I had some loose stools occasionally but no diarrhea. No pains or nausea. I felt well and found it easier to gain weight on the 200 mg. Clofazimine. A couple of weeks into the 100 mg, I began to feel tired. My doctor pulled me out of the trial after 6 months because my numbers started climbing.
It has a long half life. I started the Azithromycin and Ethambutol 3x weekly immediately after stopping Clofazimine, and I dropped to just a few colonies in a few weeks. My doctor had to wait until six months before adding the nebulized liposomal Arikayce. They will soon allow Arikayce to be started right away with the other drugs. Since the Arikayce is nebulized, and I only use it 3 times a week, I don’t have side effects that would occur with daily use of if it was in pill form and swallowed. I have been smear and culture negative for 3 months now.
I think the Rifampin is the nasty med that causes so many issues. Since they now have Arikayce, you can be treated without Rifampin. I always think about the people who stopped their meds because of Rifampin side effects
Clofazimine is probably better for people with mild disease. Probably more effective as a single drug for those people. It is the best when combined with 2 other drugs because it facilitates their entry into the cell wall. When I was first diagnosed, I had a +2 smear and a +3 culture and had symptoms. The Clofazimine alone will have better results if you are not yet symptomatic.

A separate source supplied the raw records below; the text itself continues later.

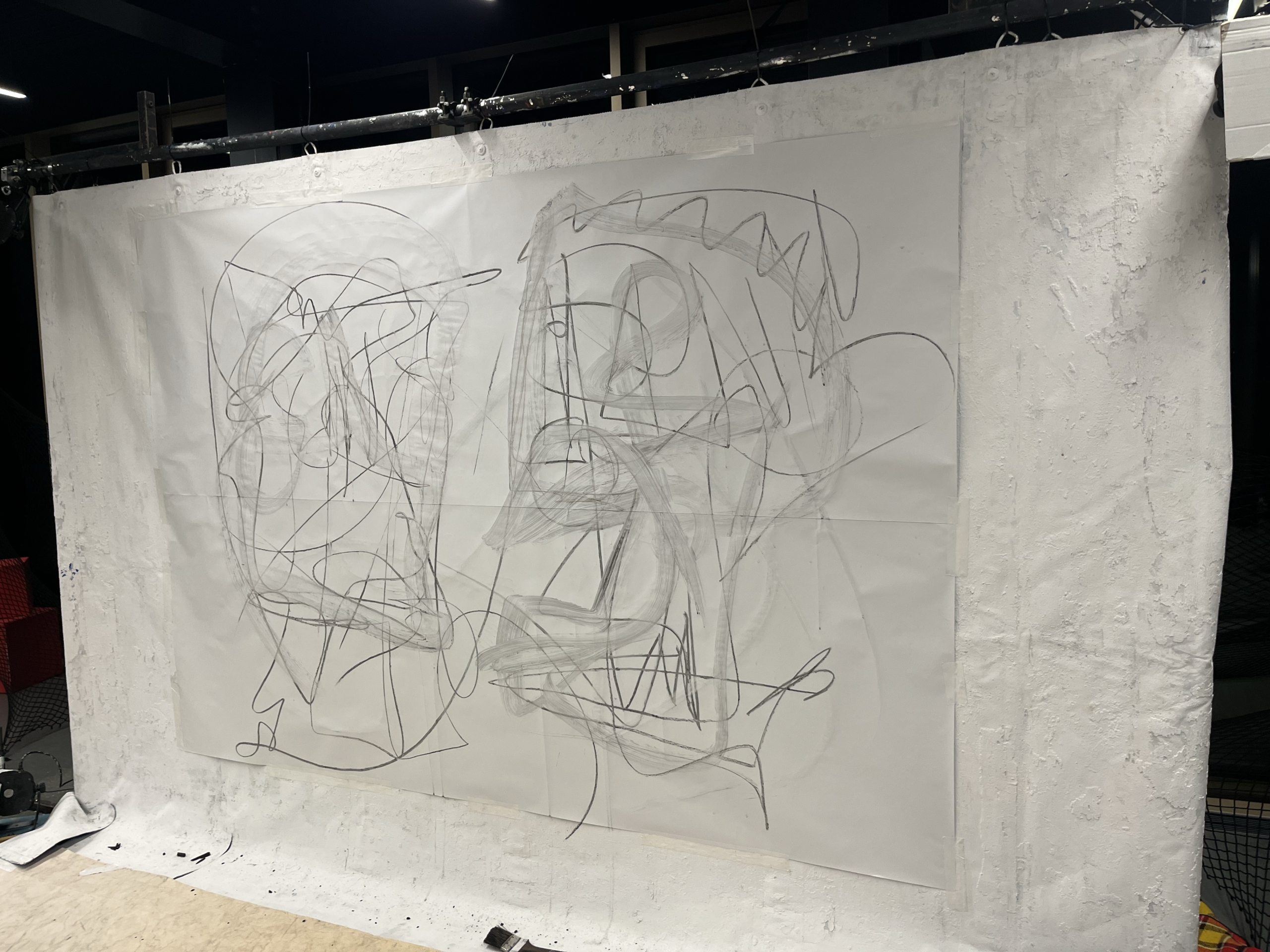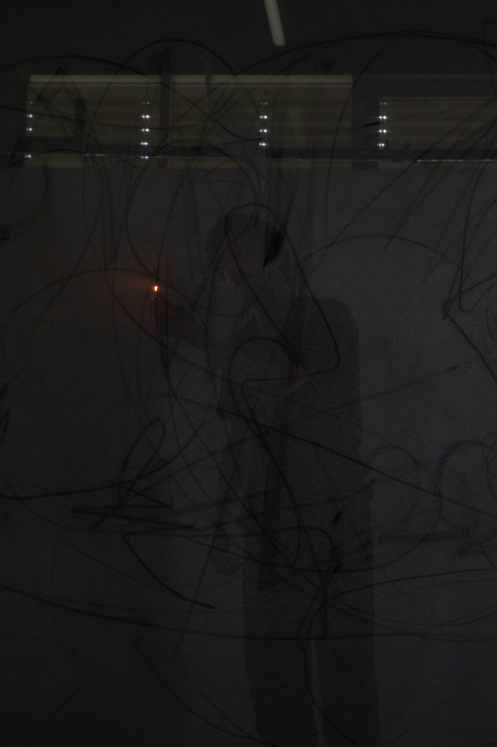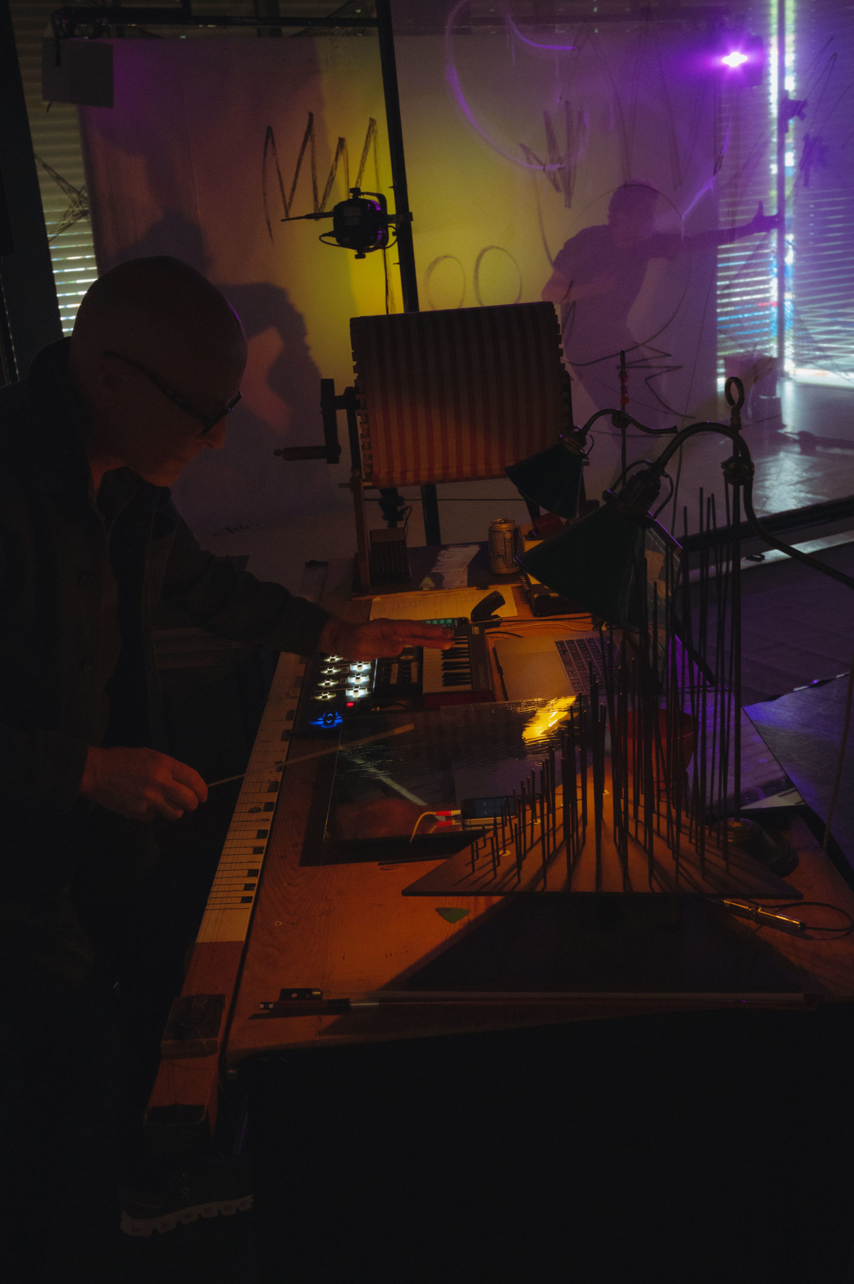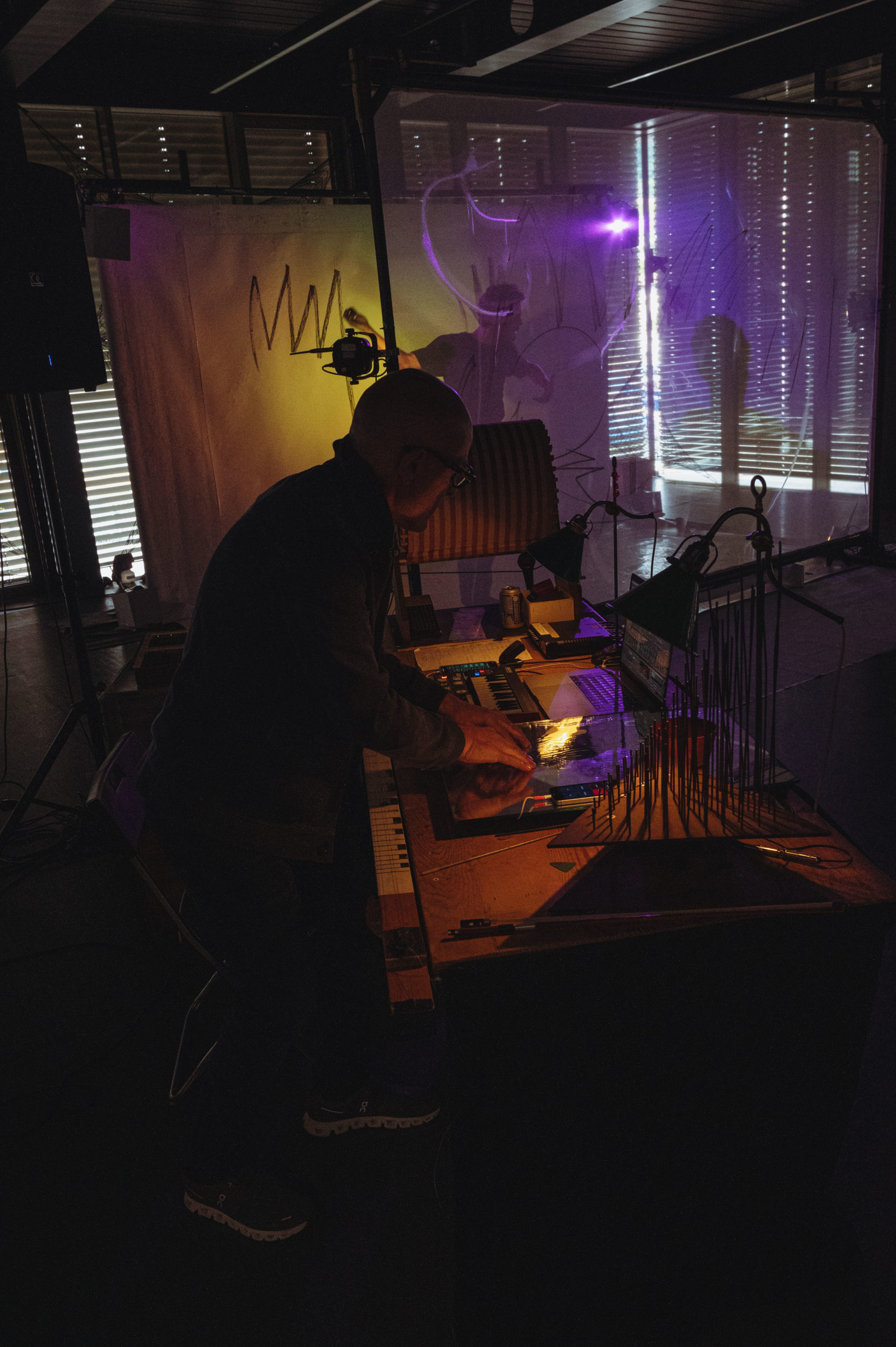 Within his installation, Arno enters into dialogue with matter, the body, and sound. Accompanied by musician and sound designer Jean20, he invites the audience into an immersive universe where movement, drawing, and music interact in real time, giving rise to a unique and evolving world.
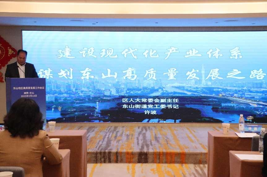 信息时报讯(记者 佘铄嘉 通讯员杨佩儒 钟悦卿)2月13日,越秀区东山街召开2025年东山地区高质量发展工作会议,区有关单位、辖内企业、金融机构、街道干部合计120人参加。会议现场传达学习全省、全市、全区高质量发展大会精神,总结了东山街过往一年工作情况,介绍本年重点工作思路,倡议广大企业家积极参与政企银联动,和街道一起共同招商,让更多优质企业落户东山、抱团发展,奋力书写越秀现代化建设新篇章。
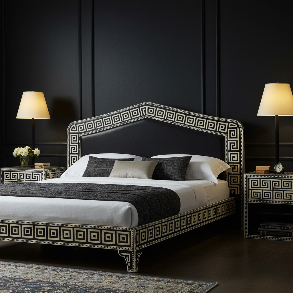 Greek Key Pattern Luxury King Bed with Matching Nightstands

I think they are looking for a maintenance drug that is more tolerable, and Clofazimine is. It took about 5 -6 months for my skin discoloration to disappear. I would say that, for me, the extreme dryness was the only bothersome side effect. This is one of the more tolerable drugs.
I would not be afraid of the drugs they have now. This bug damages your lungs and worsens bronchiectasis, which then leads to more risk for bronchiectasis and greater likelihood of reinfection. By treating it early, you shorten time to culture conversion and lessen damage. That is just my opinion from what I have learned. If you have an excellent team that is closely monitoring you, they will know when it is time to start meds.